Tuesday, September 08, 2009

Reality check; looking at the numbers

The 10 biggest Wikipedias generate 92.65% of the Wikipedia traffic. These 10 languages are written in three scripts: Latin, Cyrillic and the Japanse writing system. When you look at the next 10 languages, there are three additional scripts; Chinese, Thai and Arabic.

When you look at the top 20 languages on view, you find that some are growing really fast; Russian at 117%, Arabic at 44% and Indonesian at 32% this can be compared to the growth for English of 13%. Some are not doing well; German and Dutch at 4%, Finnish at 2%.

The English Wikipedia is the 155th in growth of traffic with 13% but as it gets most of the traffic anyway (53,54%).

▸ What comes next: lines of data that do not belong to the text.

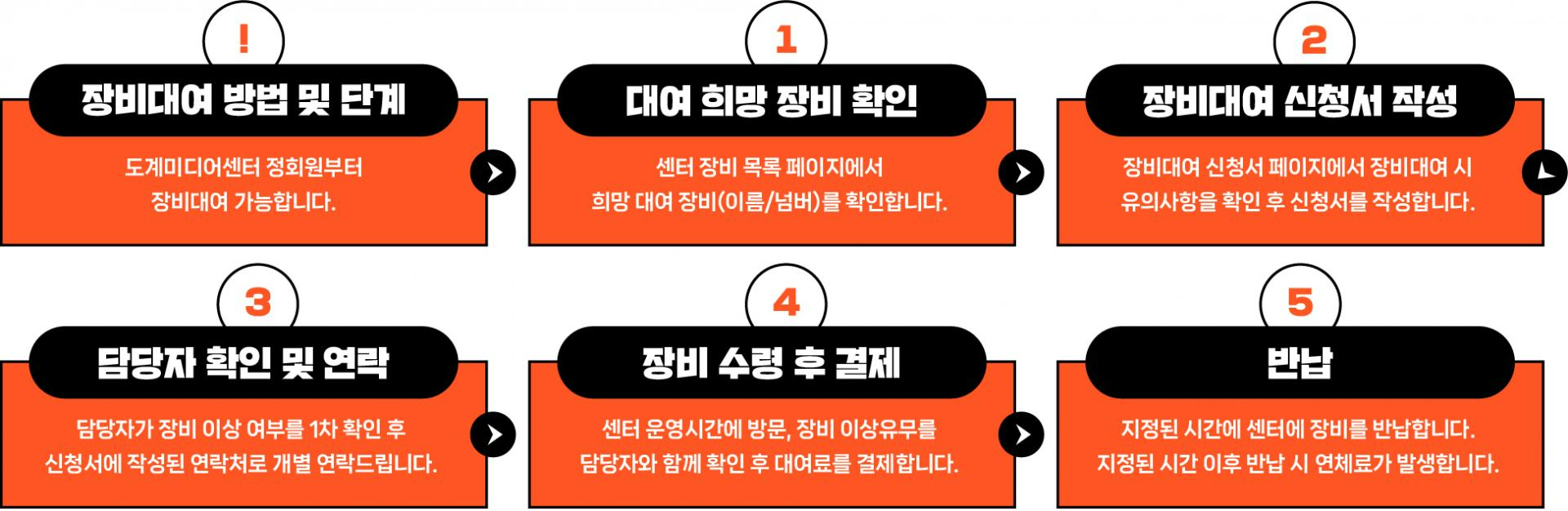 4) 장비 당 1회 최대 대여기간은 5일이며, 5일 이상 장기대여가 필요한 경우 담당자와 협의하여 주시기 바랍니다.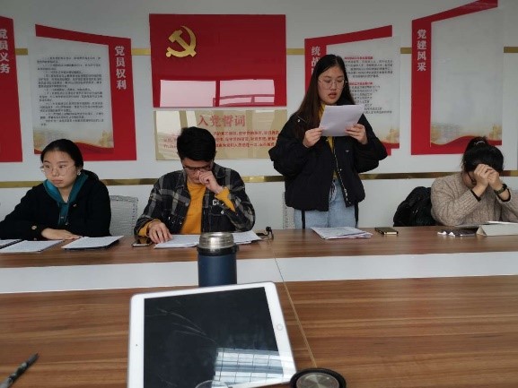 会议第一项,开展预备党员转正大会。预备党员巩倩、王家辉、虞莹等3名同志宣读了《预备党员转正申请书》。汇报了自己在转正期间思想、工作、学习情况及需向党组织说明的问题。入党介绍人介绍以上同志相关情况,表明了对于以上同志能否按期转正为正式党员的意见,并汇报其考察情况。与会党员发表意见,对以上3位同志能否入党进行了充分讨论,对其在预备期间的表现,肯定成绩,提出不足与希望。经无记名投票表决,同意其按期转为正式党员。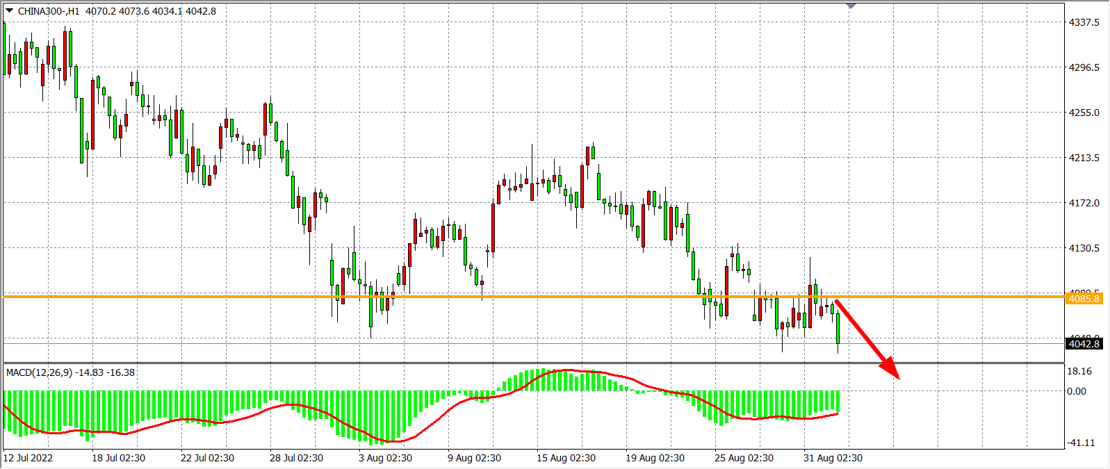 1小时图看,沪深300在4100之下持续受阻下跌,同时跌破4050支撑,趋势依旧偏空,MACD于零轴之下量能有所放大,预示行情大概延续跌势,当前阻力已下移至4085附近,日内在4085之下看继续跌,目标4000-3950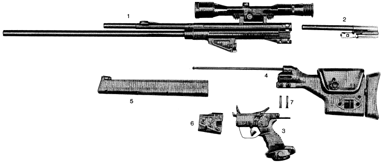 PSG-1的基本结构与G3相同,但使用了加厚的重型枪管,所以全枪重量比较大。重枪管的主要是在射击时依靠枪管自身的重量减小枪管的振动,基于同样的目的,枪口部没有安装消焰器、制退器之类的任何枪口装置,在1970年代大多数狙击步枪都采用这样的设计,主要是担心枪口装置影响了弹头出膛时的一致性表现。另外在机匣右侧有一个类似M16的辅助推机枪的装置,这是用于低噪音上膛闭锁的装置。此外PSG-1的弹膛由于有纵向凹槽,打过的弹壳不能用于复装(G3的通病),如果使用消声器的时候也不能使用亚音速弹。 PSG-1的握把为比赛步枪用的握把,塑料枪托的长度可调,枪托上的贴腮板高低可调,射手可以调节到最舒适的长度和高度。PSG-1的扳机力比G3轻得多,大约在1.5公斤(约3.3磅)左右,扳机力可调整。PSG-1可以选用两脚架或三脚架支撑射击,两脚架比较方便,但如果要求高精度,使用配套的小型三脚架会更稳定。 HK公司原配的瞄准鏡是亨索尔特(Hendsoldt)ZF6x42,瞄准镜的射程调整只有从100到600米,而且最佳使用距离是在60至100米范围内。所以虽然官方资料称PSG-1的有效射程达800米,但如果不换合适的瞄准镜,但实际应用只适合在600米左右。另外PSG-1不像其他军用狙击步枪那样装有应急的机械瞄具,而只能用瞄准镜瞄准。 |

All the other projects together only add 2% more traffic to a total of 15% growth in traffic.

When I look at what I remember of the group statistics at translatewiki.net, I get the impression that the languages that improved their localisation have increased their traffic as well. I am also quite pleased with the growth of the newly created Wikipedias. Pontic is the sad exception.

So what does this all mean.. The top 30 languages, with seven scripts represent 98,32% of our traffic. When you look at the rest, you find that many languages are growing quite nicely and are known to have really active communities.  These beautifully compiled numbers by Erik Zachte are nice because they do prevent the easy comparisons based on article counts.

For me it does not change much, because I do not know yet how to interpret these numbers. There is still so much I do not know like where does the traffic come from and what is the percentage of people reading a Wikipedia as their second language. I am still looking for a better understanding of the relation between traffic numbers and our localisation numbers and finally I am looking what makes a project take off, what are the inflection points and what factors affect it.